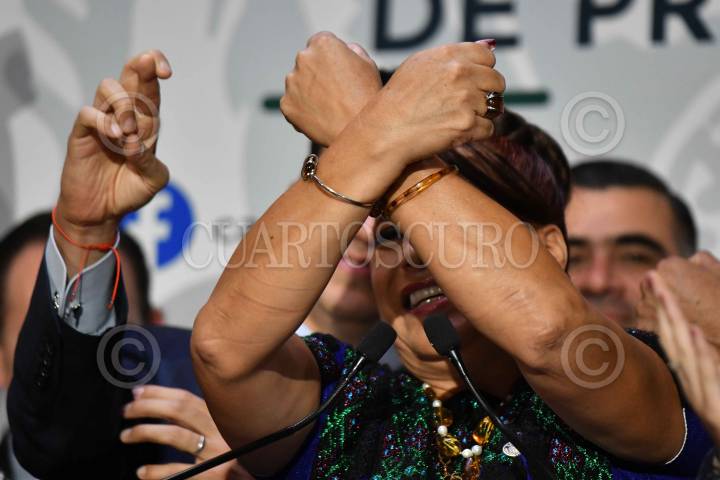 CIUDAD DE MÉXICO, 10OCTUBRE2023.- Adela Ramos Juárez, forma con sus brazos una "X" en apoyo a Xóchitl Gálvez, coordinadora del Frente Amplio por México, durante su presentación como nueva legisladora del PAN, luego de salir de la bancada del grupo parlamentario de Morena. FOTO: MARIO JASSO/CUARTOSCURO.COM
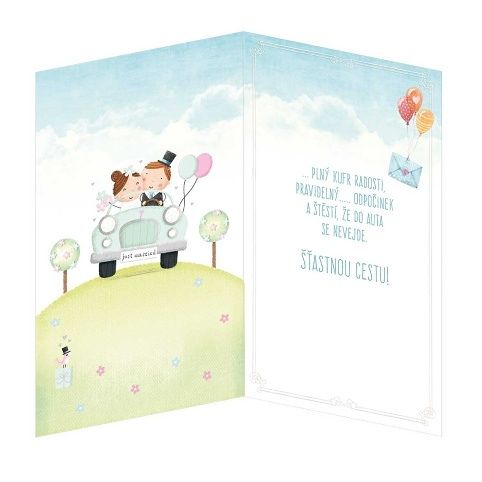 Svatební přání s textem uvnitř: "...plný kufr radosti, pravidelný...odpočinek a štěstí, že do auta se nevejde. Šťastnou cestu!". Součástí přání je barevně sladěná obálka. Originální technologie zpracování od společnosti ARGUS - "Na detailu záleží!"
--
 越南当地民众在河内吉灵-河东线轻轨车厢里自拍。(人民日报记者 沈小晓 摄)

_Assigned task:_ Output exactly the lines of the listing above that start with the one holding "CIUDAD DE MÉXICO, 10OCTUBRE2023.- Adela" and go on through the one holding "Svatební přání s"; leave the pictures out.

_Exercise solution:_
 CIUDAD DE MÉXICO, 10OCTUBRE2023.- Adela Ramos Juárez, forma con sus brazos una "X" en apoyo a Xóchitl Gálvez, coordinadora del Frente Amplio por México, durante su presentación como nueva legisladora del PAN, luego de salir de la bancada del grupo parlamentario de Morena. FOTO: MARIO JASSO/CUARTOSCURO.COM
 Svatební přání s textem uvnitř: "...plný kufr radosti, pravidelný...odpočinek a štěstí, že do auta se nevejde. Šťastnou cestu!". Součástí přání je barevně sladěná obálka. Originální technologie zpracování od společnosti ARGUS - "Na detailu záleží!"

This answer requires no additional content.